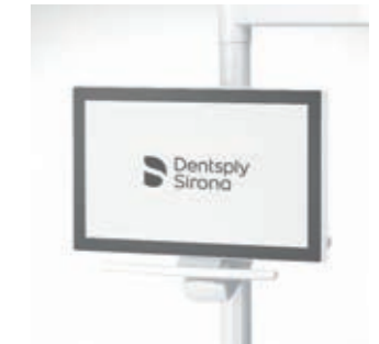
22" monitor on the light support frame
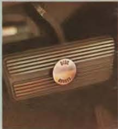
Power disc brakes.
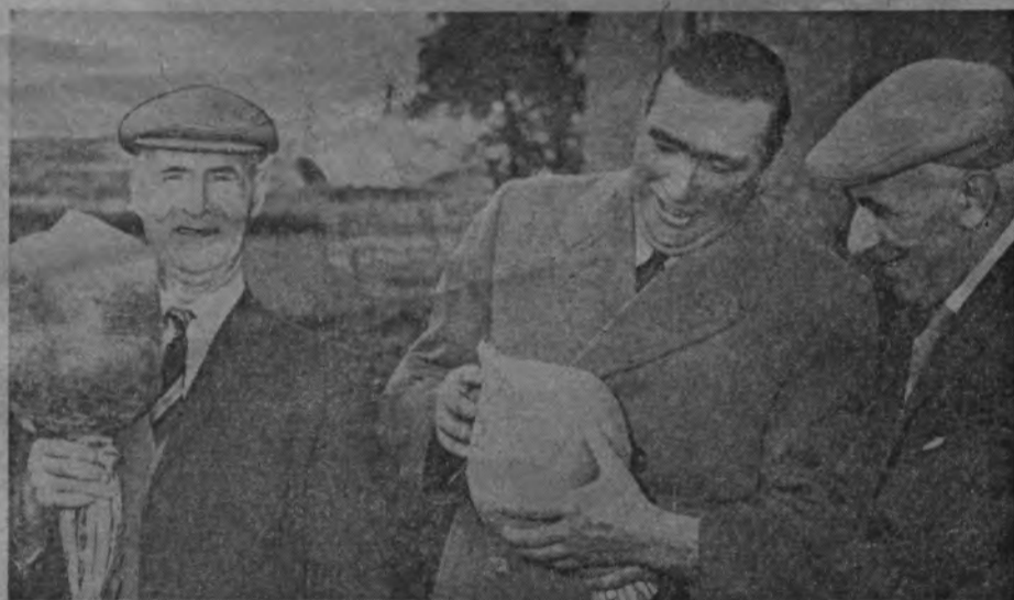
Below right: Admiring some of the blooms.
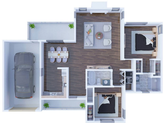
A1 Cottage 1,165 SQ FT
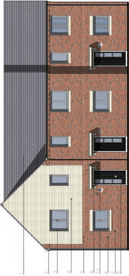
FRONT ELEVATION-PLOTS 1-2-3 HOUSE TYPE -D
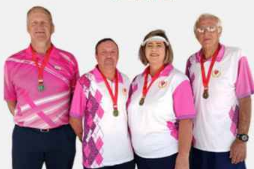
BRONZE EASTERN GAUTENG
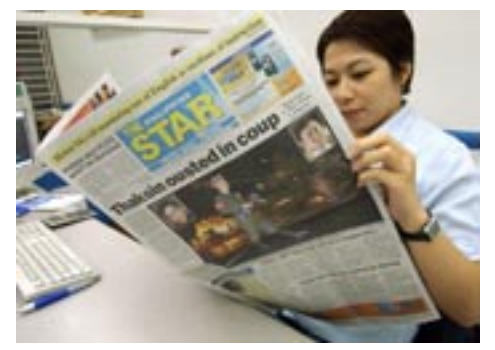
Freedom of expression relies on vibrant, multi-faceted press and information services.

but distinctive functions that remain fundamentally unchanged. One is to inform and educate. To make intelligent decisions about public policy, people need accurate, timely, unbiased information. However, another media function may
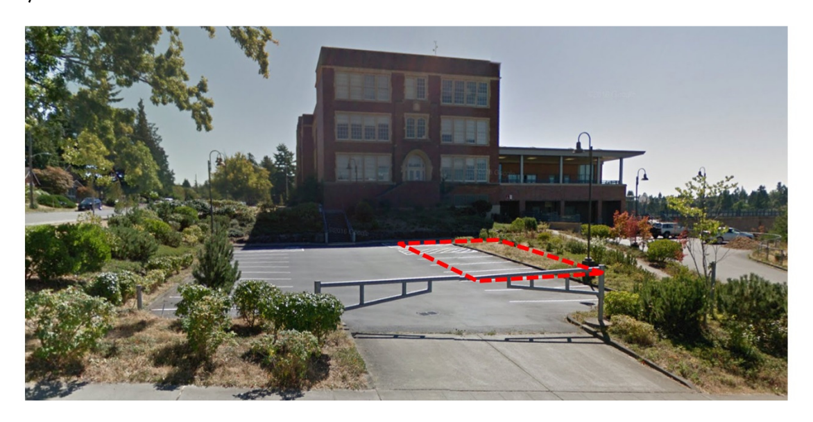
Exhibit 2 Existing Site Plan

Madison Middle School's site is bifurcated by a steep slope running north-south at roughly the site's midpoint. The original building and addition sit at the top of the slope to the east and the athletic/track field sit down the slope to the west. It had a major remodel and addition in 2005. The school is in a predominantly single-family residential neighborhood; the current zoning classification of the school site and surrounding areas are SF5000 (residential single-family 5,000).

━━━

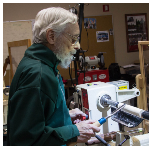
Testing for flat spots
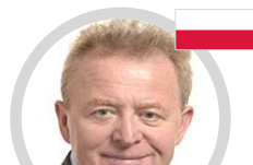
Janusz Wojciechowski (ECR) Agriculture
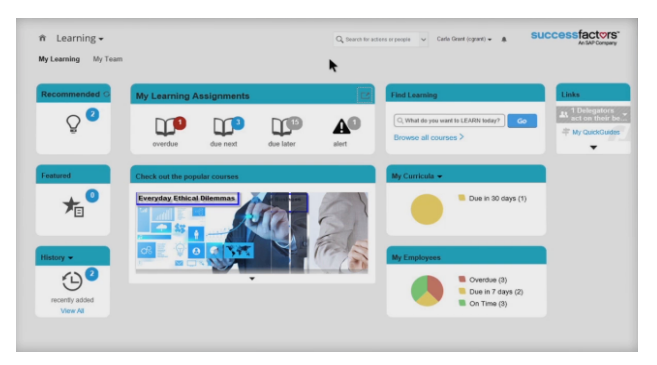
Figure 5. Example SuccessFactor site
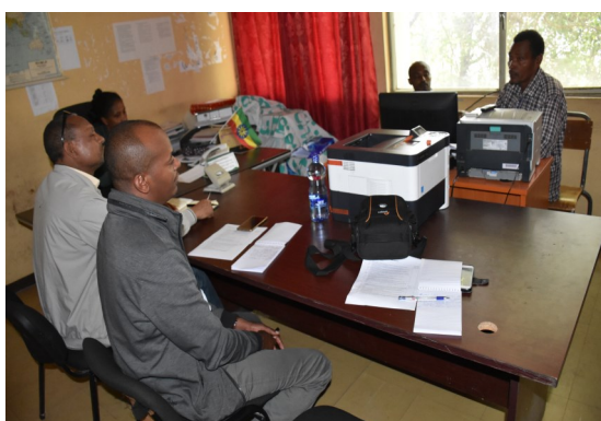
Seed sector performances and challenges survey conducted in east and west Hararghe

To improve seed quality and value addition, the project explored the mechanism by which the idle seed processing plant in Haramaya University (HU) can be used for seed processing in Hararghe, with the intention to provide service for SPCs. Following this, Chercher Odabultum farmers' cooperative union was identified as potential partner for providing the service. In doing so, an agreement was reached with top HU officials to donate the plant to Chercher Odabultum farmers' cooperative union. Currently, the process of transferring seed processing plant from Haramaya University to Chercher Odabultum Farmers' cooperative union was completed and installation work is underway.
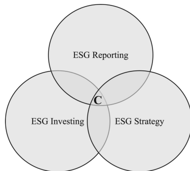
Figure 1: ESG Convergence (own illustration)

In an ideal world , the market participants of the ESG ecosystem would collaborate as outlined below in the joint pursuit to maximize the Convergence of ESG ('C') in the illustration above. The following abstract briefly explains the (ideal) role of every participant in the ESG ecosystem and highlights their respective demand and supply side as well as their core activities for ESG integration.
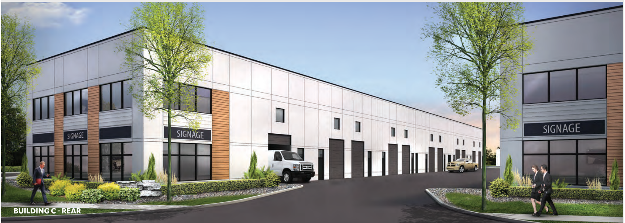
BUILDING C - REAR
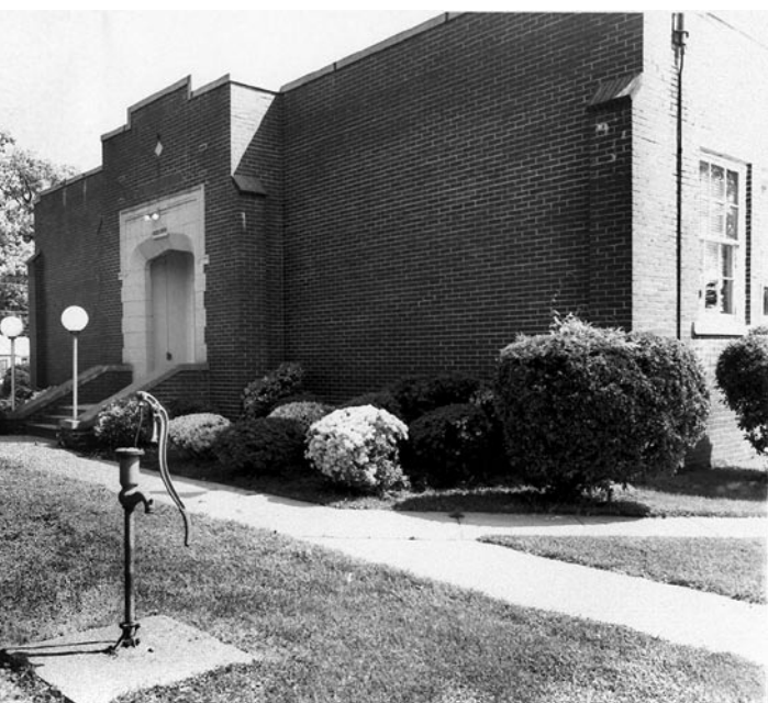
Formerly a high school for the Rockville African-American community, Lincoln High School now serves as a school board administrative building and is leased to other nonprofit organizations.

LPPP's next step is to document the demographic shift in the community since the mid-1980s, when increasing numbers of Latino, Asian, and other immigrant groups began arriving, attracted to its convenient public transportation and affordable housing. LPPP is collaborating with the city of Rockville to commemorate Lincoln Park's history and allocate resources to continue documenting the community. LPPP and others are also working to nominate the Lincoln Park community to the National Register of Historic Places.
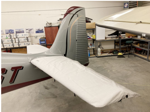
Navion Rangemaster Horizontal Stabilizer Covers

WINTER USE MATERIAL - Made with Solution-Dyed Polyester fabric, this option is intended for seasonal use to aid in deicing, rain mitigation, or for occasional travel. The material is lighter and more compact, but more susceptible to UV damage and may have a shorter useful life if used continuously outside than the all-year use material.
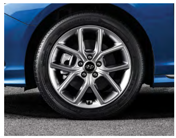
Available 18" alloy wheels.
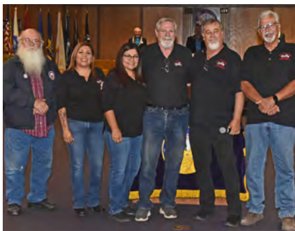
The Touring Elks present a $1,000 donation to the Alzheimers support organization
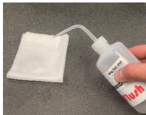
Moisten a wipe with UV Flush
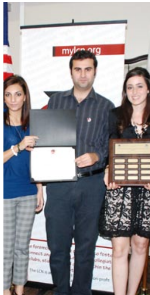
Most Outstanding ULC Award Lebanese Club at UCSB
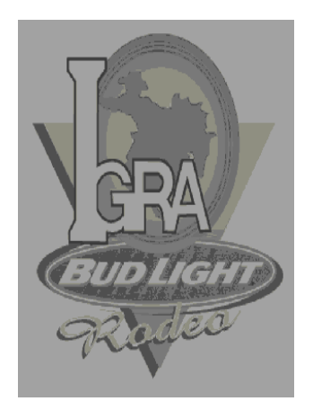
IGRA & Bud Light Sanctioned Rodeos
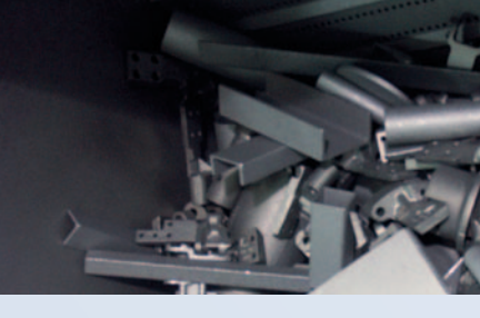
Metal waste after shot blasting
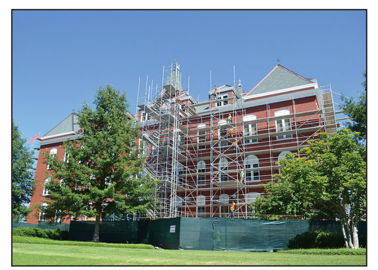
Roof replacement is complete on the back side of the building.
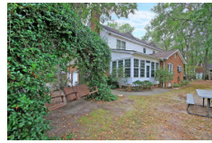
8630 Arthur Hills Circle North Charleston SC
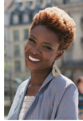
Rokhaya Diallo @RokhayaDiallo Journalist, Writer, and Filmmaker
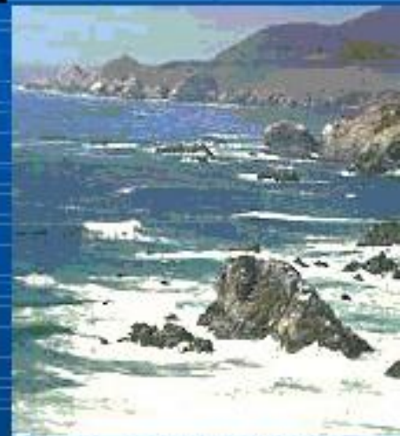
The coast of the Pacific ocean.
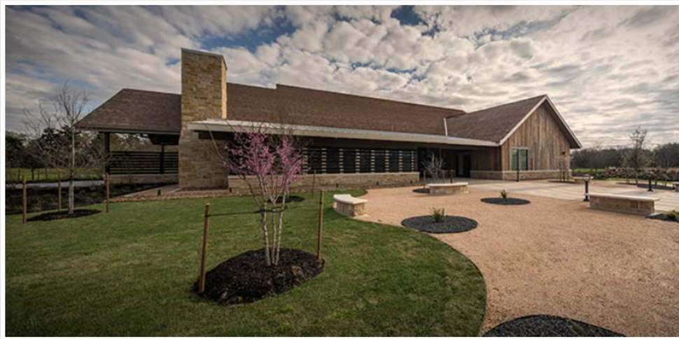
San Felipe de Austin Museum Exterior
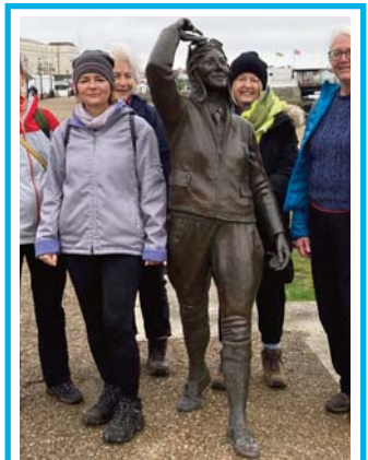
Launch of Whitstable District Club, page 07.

━━━

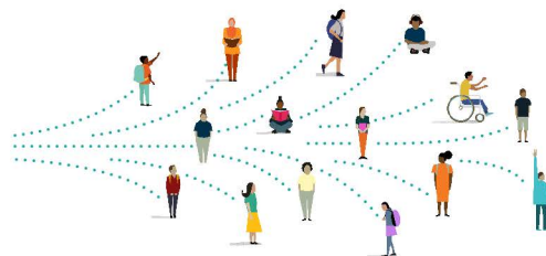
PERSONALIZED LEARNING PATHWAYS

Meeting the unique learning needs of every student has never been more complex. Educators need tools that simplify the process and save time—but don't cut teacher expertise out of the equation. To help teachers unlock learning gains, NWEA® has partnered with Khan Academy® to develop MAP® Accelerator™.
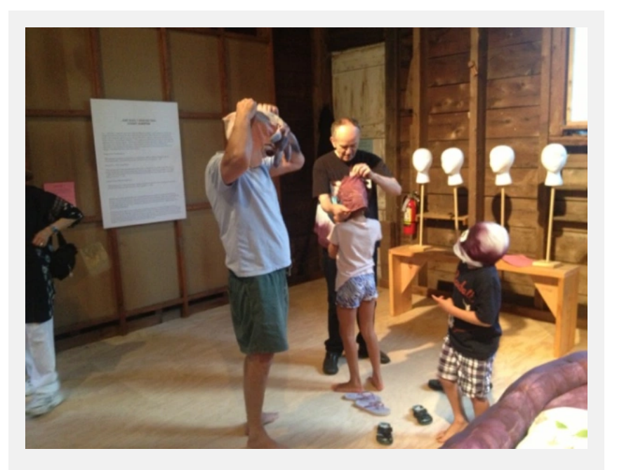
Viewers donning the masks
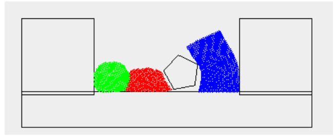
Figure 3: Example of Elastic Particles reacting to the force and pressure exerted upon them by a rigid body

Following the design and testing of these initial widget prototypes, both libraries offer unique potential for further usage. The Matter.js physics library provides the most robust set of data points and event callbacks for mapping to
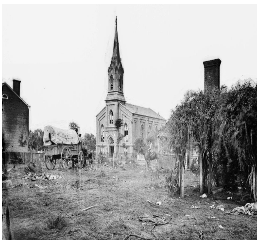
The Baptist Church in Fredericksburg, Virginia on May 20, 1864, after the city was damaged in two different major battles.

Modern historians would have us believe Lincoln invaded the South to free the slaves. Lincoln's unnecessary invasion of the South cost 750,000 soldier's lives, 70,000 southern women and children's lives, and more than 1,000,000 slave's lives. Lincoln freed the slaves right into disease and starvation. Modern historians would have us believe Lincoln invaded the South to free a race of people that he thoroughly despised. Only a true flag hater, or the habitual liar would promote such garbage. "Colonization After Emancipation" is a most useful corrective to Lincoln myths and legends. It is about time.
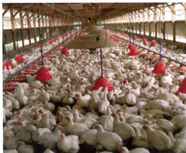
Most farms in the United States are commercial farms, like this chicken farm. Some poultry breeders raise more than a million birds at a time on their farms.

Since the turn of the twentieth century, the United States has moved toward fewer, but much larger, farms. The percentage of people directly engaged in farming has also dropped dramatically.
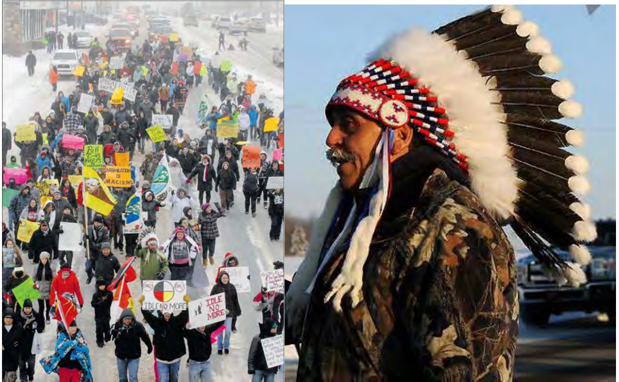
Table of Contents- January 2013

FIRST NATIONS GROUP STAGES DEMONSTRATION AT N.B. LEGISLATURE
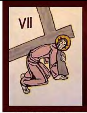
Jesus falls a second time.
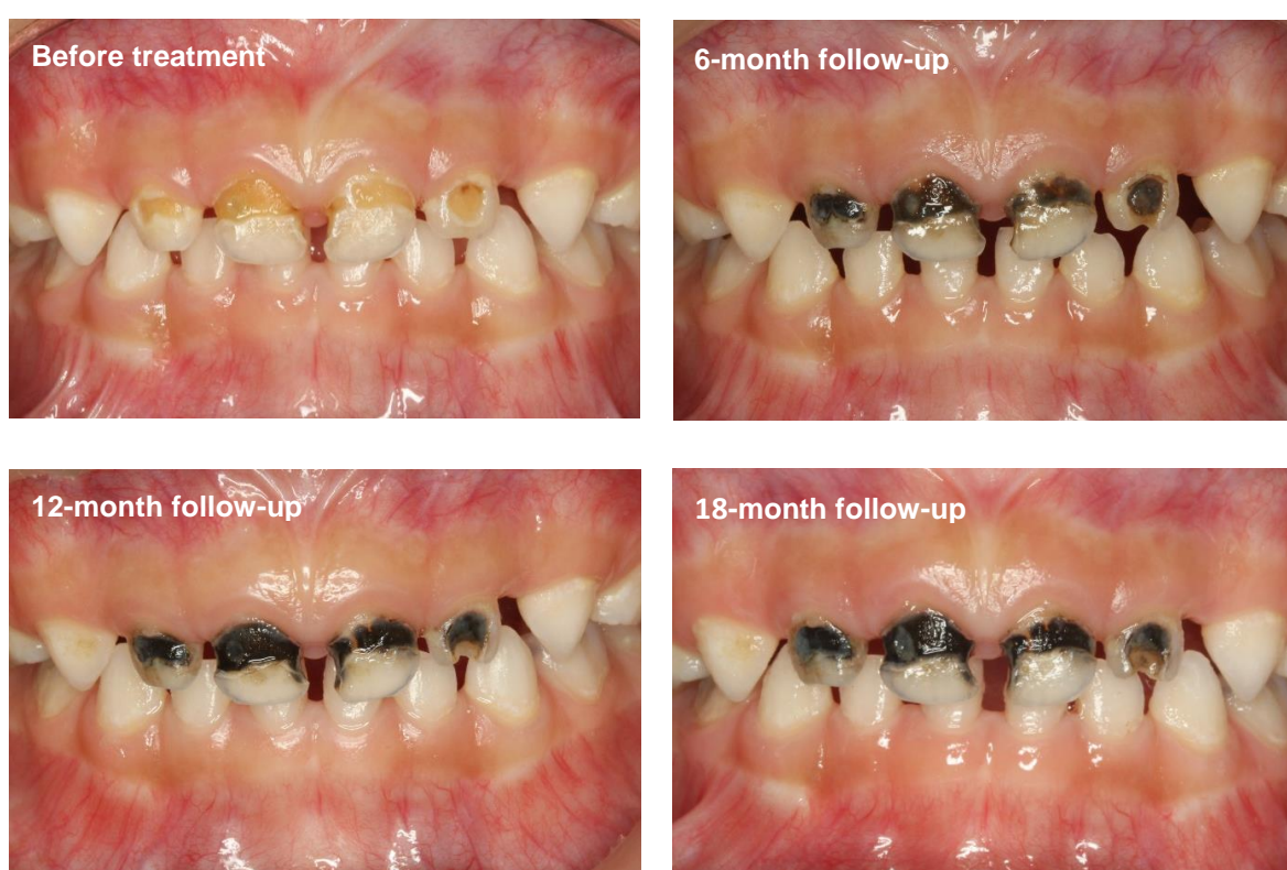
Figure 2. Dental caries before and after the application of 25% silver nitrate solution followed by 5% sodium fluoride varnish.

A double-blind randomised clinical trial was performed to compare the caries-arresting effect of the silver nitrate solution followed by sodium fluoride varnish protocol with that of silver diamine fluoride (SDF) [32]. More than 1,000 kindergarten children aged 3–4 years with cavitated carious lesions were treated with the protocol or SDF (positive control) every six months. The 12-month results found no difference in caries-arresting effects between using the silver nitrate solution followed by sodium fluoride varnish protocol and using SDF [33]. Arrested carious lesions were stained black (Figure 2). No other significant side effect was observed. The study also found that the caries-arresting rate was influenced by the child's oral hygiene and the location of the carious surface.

━━━

** PROBLEM REQUIREMENTS **
From the records above, return exactly the lines running from the one that contains "Meeting the unique" down to the one that contains "Most farms in", both included, without any pictures.

** ANSWER BOX **
Meeting the unique learning needs of every student has never been more complex. Educators need tools that simplify the process and save time—but don't cut teacher expertise out of the equation. To help teachers unlock learning gains, NWEA® has partnered with Khan Academy® to develop MAP® Accelerator™.
Viewers donning the masks
Figure 3: Example of Elastic Particles reacting to the force and pressure exerted upon them by a rigid body

Following the design and testing of these initial widget prototypes, both libraries offer unique potential for further usage. The Matter.js physics library provides the most robust set of data points and event callbacks for mapping to
The Baptist Church in Fredericksburg, Virginia on May 20, 1864, after the city was damaged in two different major battles.

Modern historians would have us believe Lincoln invaded the South to free the slaves. Lincoln's unnecessary invasion of the South cost 750,000 soldier's lives, 70,000 southern women and children's lives, and more than 1,000,000 slave's lives. Lincoln freed the slaves right into disease and starvation. Modern historians would have us believe Lincoln invaded the South to free a race of people that he thoroughly despised. Only a true flag hater, or the habitual liar would promote such garbage. "Colonization After Emancipation" is a most useful corrective to Lincoln myths and legends. It is about time.
Most farms in the United States are commercial farms, like this chicken farm. Some poultry breeders raise more than a million birds at a time on their farms.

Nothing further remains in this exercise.